▶ **WHAT YOU WILL DO**: Look in the data below for the line that has "O sr André Pires", then print exactly every line from there through the line that has "昭和34年頃活躍していた車両、末期はカラオケ車両になったという証のペイント", leaving pictures out.

▶ **THE INPUT**:
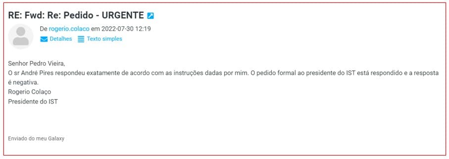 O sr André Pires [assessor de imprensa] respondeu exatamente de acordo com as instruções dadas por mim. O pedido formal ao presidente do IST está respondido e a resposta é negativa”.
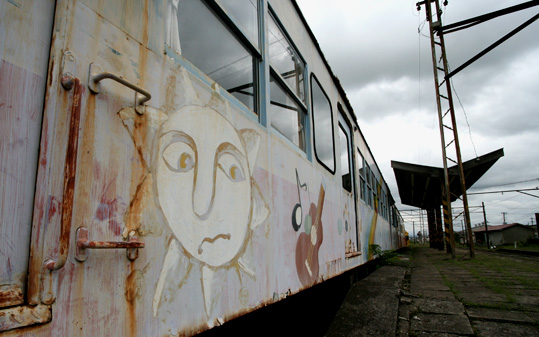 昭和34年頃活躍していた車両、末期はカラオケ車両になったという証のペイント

...

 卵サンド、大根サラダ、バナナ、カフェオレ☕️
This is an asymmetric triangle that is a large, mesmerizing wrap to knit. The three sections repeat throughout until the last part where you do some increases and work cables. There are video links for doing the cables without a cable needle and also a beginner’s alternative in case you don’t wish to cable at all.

▶ **OUTPUT FOR THIS TASK**:
 O sr André Pires [assessor de imprensa] respondeu exatamente de acordo com as instruções dadas por mim. O pedido formal ao presidente do IST está respondido e a resposta é negativa”.
 昭和34年頃活躍していた車両、末期はカラオケ車両になったという証のペイント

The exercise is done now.